- **TRY IT**: Give the data again exactly, without its images.

- **DATA TO PROCESS**:
»»

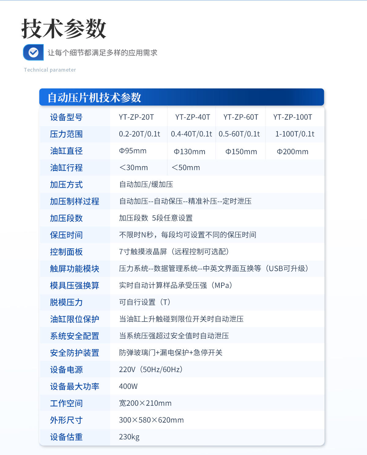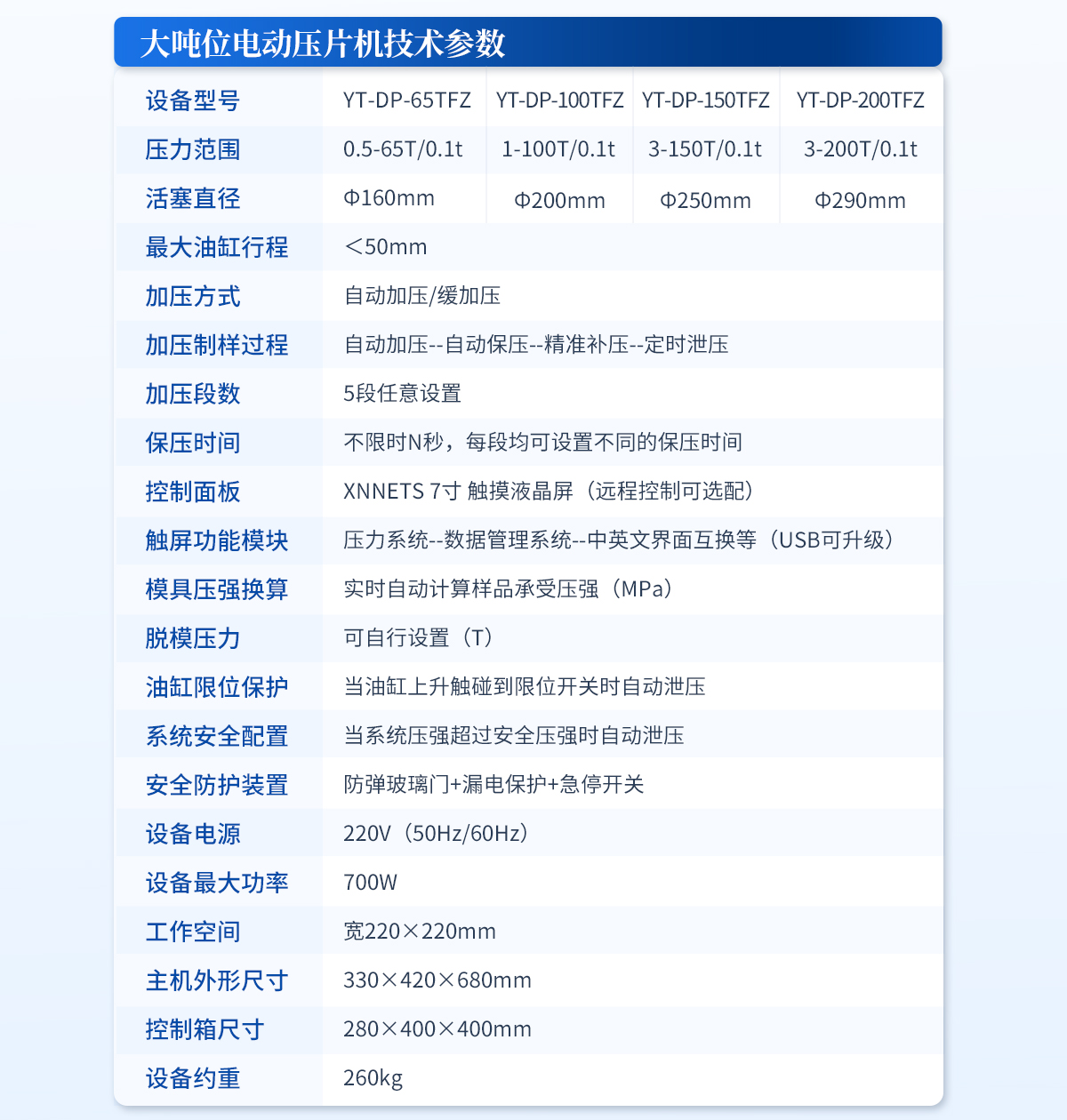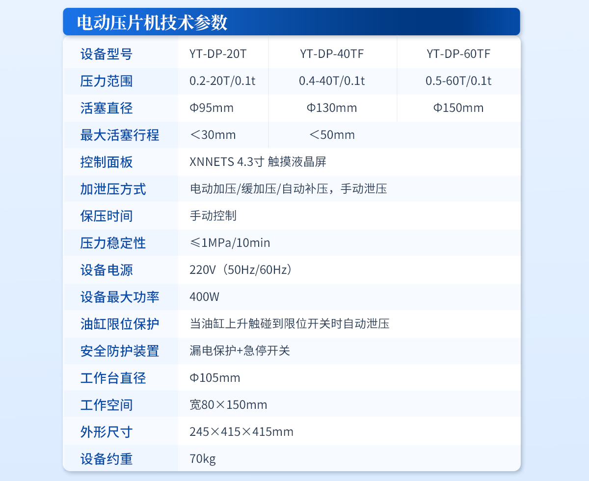 | 設(shè)備型號(hào):YT-ZP-60T | 壓力范圍:0.5-60T/0.1t | 油缸直徑:Ф150mm | 油缸行程 :<50mm | 加壓方式:自動(dòng)加壓/緩加壓 | 加壓制樣過(guò)程:自動(dòng)加壓--自動(dòng)保壓--精準(zhǔn)補(bǔ)壓--定時(shí)泄壓 | 加壓段數(shù):5段任意設(shè)置 | 保壓時(shí)間:不限時(shí)N秒,每段均可設(shè)置不同的保壓時(shí)間 | 控制面板:XNNETS 7寸 觸摸液晶屏(遠(yuǎn)程控制可選配) | 觸屏功能模塊:壓力系統(tǒng)--數(shù)據(jù)管理系統(tǒng)--中英文界面互換等(USB可升級(jí)) | 模具壓強(qiáng)換算:實(shí)時(shí)自動(dòng)計(jì)算樣品承受壓強(qiáng)(MPa) | 脫模壓力:可自行設(shè)置(T) | 油缸限位保護(hù):當(dāng)油缸上升觸碰到限位開(kāi)關(guān)時(shí)自動(dòng)泄壓 | 系統(tǒng)安全配置:當(dāng)系統(tǒng)壓強(qiáng)超過(guò)安全值時(shí)自動(dòng)泄壓 | 安全防護(hù)裝置:防彈玻璃門(mén)+漏電保護(hù)+急停開(kāi)關(guān) | 設(shè)備電源:220V(50Hz/60Hz) | 設(shè)備**功率:400W | 工作空間:寬190×180mm | 外形尺寸 :300×520×580mm | 設(shè)備估重 :165kg | 配置說(shuō)明:壓片機(jī)1臺(tái),模具選配!可根據(jù)需求定制壓片機(jī)或模具 |
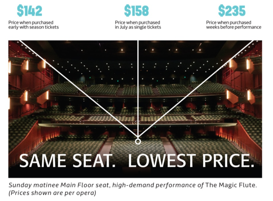 Simply put: enjoy extra special care and exclusive benefits. What's more, purchasing a package now guarantees that you won't be subject to changes in pricing later for high-demand operas. Ticket prices can increase as much as $93 per opera over the cost of purchasing a package for productions like The Pirates of Penzance and Carmen.
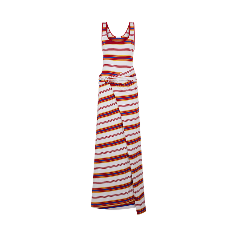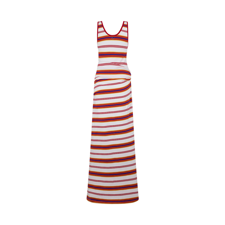 Sleeveless, ankle-length dress with crew neckline and straight silhouette. Finished with contrast stripe pattern throughout. Silver piercing detail at the waist.
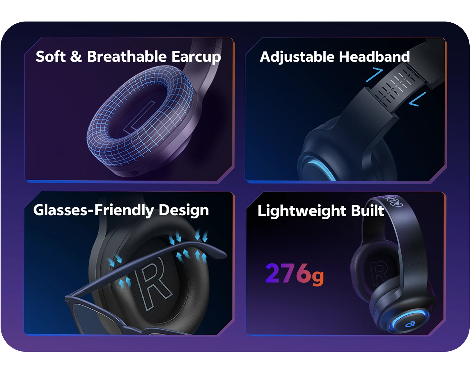Projetado para sessões prolongadas de jogos, com almofadas auriculares respiráveis e macias, haste ajustável e peso ultraleve de 276 g, garantindo imersão sem fadiga.
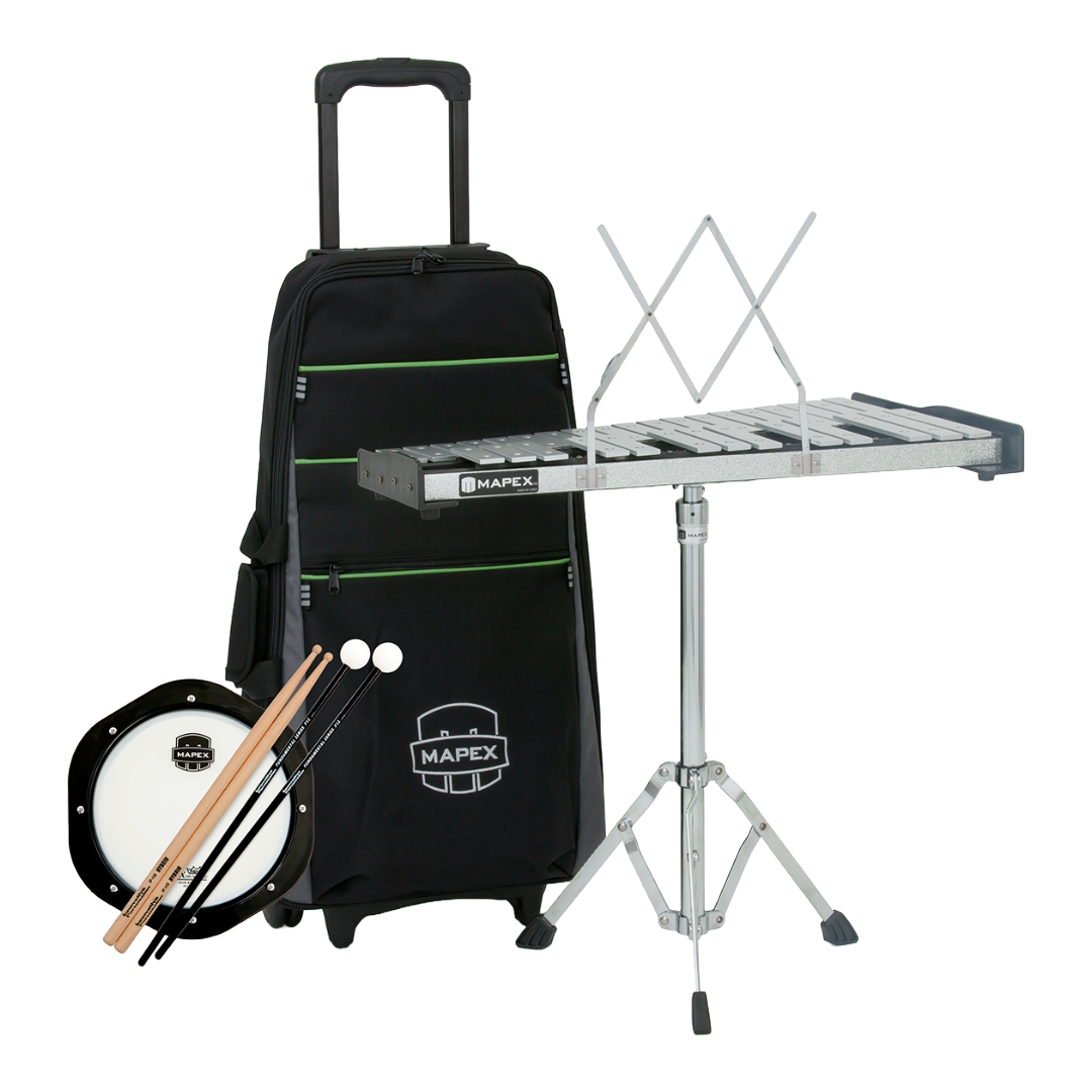 Rent TodayA Bell Set is a melodic percussion instrument, and a great intro instrument for beginning students. An octave and a half bell kit complete with stand, bell mallets, drum pad, drum sticks, and carrying case.

««

- **RESPONSE FOR THIS EXERCISE**:
 | 設(shè)備型號(hào):YT-ZP-60T | 壓力范圍:0.5-60T/0.1t | 油缸直徑:Ф150mm | 油缸行程 :<50mm | 加壓方式:自動(dòng)加壓/緩加壓 | 加壓制樣過(guò)程:自動(dòng)加壓--自動(dòng)保壓--精準(zhǔn)補(bǔ)壓--定時(shí)泄壓 | 加壓段數(shù):5段任意設(shè)置 | 保壓時(shí)間:不限時(shí)N秒,每段均可設(shè)置不同的保壓時(shí)間 | 控制面板:XNNETS 7寸 觸摸液晶屏(遠(yuǎn)程控制可選配) | 觸屏功能模塊:壓力系統(tǒng)--數(shù)據(jù)管理系統(tǒng)--中英文界面互換等(USB可升級(jí)) | 模具壓強(qiáng)換算:實(shí)時(shí)自動(dòng)計(jì)算樣品承受壓強(qiáng)(MPa) | 脫模壓力:可自行設(shè)置(T) | 油缸限位保護(hù):當(dāng)油缸上升觸碰到限位開(kāi)關(guān)時(shí)自動(dòng)泄壓 | 系統(tǒng)安全配置:當(dāng)系統(tǒng)壓強(qiáng)超過(guò)安全值時(shí)自動(dòng)泄壓 | 安全防護(hù)裝置:防彈玻璃門(mén)+漏電保護(hù)+急停開(kāi)關(guān) | 設(shè)備電源:220V(50Hz/60Hz) | 設(shè)備**功率:400W | 工作空間:寬190×180mm | 外形尺寸 :300×520×580mm | 設(shè)備估重 :165kg | 配置說(shuō)明:壓片機(jī)1臺(tái),模具選配!可根據(jù)需求定制壓片機(jī)或模具 |
 Simply put: enjoy extra special care and exclusive benefits. What's more, purchasing a package now guarantees that you won't be subject to changes in pricing later for high-demand operas. Ticket prices can increase as much as $93 per opera over the cost of purchasing a package for productions like The Pirates of Penzance and Carmen.
 Sleeveless, ankle-length dress with crew neckline and straight silhouette. Finished with contrast stripe pattern throughout. Silver piercing detail at the waist.
Projetado para sessões prolongadas de jogos, com almofadas auriculares respiráveis e macias, haste ajustável e peso ultraleve de 276 g, garantindo imersão sem fadiga.
 Rent TodayA Bell Set is a melodic percussion instrument, and a great intro instrument for beginning students. An octave and a half bell kit complete with stand, bell mallets, drum pad, drum sticks, and carrying case.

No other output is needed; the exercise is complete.